The Australian share market will continue on its south-bound path in early trade, after US stocks fell on fears the Federal Reserve may pull back on stimulus imminently.
Those nerves were sparked after data showed the American economy was expanding along with fewer jobless claims.
US economic news
The US economy grew by a speedy 3.6 per cent in the third quarter, much higher than the original estimate of 2.8 per cent.

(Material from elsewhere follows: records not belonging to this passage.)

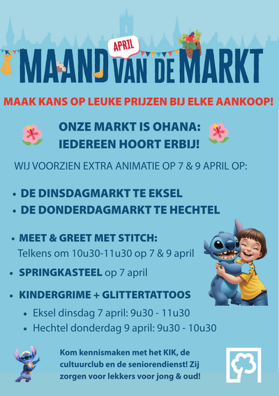 In de maand april staan de wekelijkse markten in Hechtel en in Eksel volop in de schijnwerpers. Samen met onze lokale marktkramers vieren we de Maand van de Markt, een feest vol gezelligheid, verrassingen en prachtige prijzen.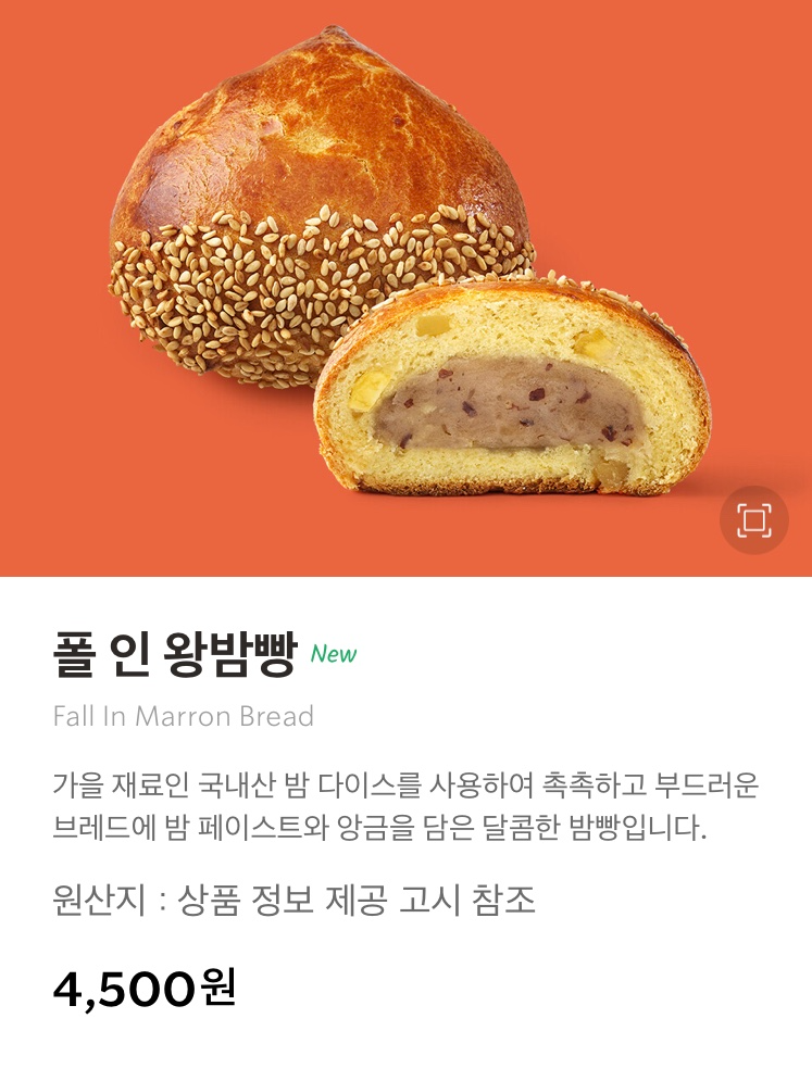폴 인 왕밤빵 4,500원이고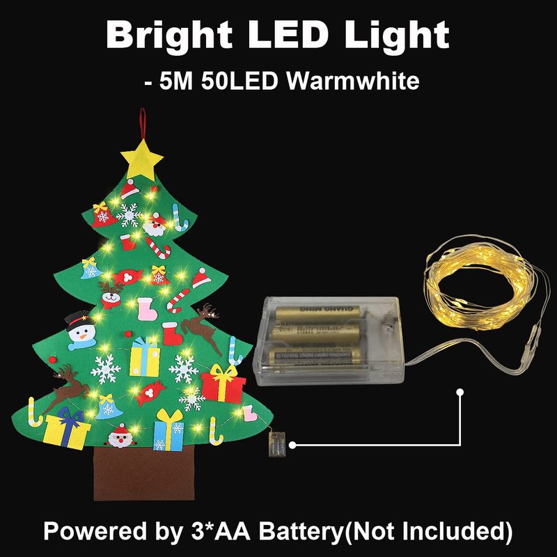 GameXcel 4FT DIY Felt Christmas Tree Set with 36pcs Ornaments 5M 50LED Warm White LED String Lights - Wall Hanging Felt Xmas Tree for Kids Toddlers Christmas New Year Gift Decorations Party Supplier

Meanwhile, first-time claims for US unemployment benefits fell sharply in the last week of November to 298,000. That was far below the average of recent months and it represented the third straight week of declines.
Currencies
The Australian dollar made gains despite that data showing the fastest US economic growth in almost two years. At 8:20AM the Aussie was buying $US90.67 cents, 55.52 Pence Sterling, 92.23 Yen and 66.34 Euro cents.
Figures
Wall Street took a hit: The Dow Jones Industrial Average lost 68 points to close at 15,822, the S&P 500 dropped 8 points to close at 1,785 and the NASDAQ slipped by 5 points to close at 4,033.
European markets were also in the red. Meantime - the Bank of England and European Central Bank have left their benchmark interest rates unchanged amid signs of an accelerating recovery in the UK. London’s FTSE lost 12 points, Paris dropped 49 points and Frankfurt slipped by 56 points.
Asian markets were also down. Japanese shares were sold for a second straight session on the back of a strengthening yen after it touched six-month lows against the dollar earlier this week. Tokyo’s Nikkei fell by 230 points, Hong Kong’s Hang Seng lost 16 points, and China’s Shanghai Composite dropped 5 points.
The Australian share market closed lower yesterday on falls in health stocks, the big banks and Qantas, which issued a hefty profit warning. The S&P/ASX 200 index closed 76 points down to finish at 5,198. On the futures market the SPI is 17 points down.
Economic news
The RBA will release its official Reserve assets data and AiG will put out the November Performance of Construction Index.
Company news
Nine Entertainment Co Holdings Limited
(ASX:NEC) will debut on the Australian Securities Exchange today at noon AEDT. The company, which owns the Nine Network, Ticketek and ninemsn, will list at $2.05 per share.
CSL Limited
(ASX:CSL) has inked a deal with a Johnson & Johnson subsidiary to develop a treatment for an aggressive form of leukemia. The licensing deal was announced at the company's annual research and development briefing yesterday. Shares in CSL dropped 0.78 per cent yesterday to close at $67.79.
Ex-dividend Village Roadshow Limited
(ASX:VRL) will pay 13 cents per share fully franked.
Commodities
Gold is down $15.30 to $US1,232 an ounce for the February contract on Comex. Silver is down $0.26 to $19.57 for March. Copper is down $0.02 at $3.23 a pound. Oil is up $0.18 at US$97.38 a barrel for January light crude in New York.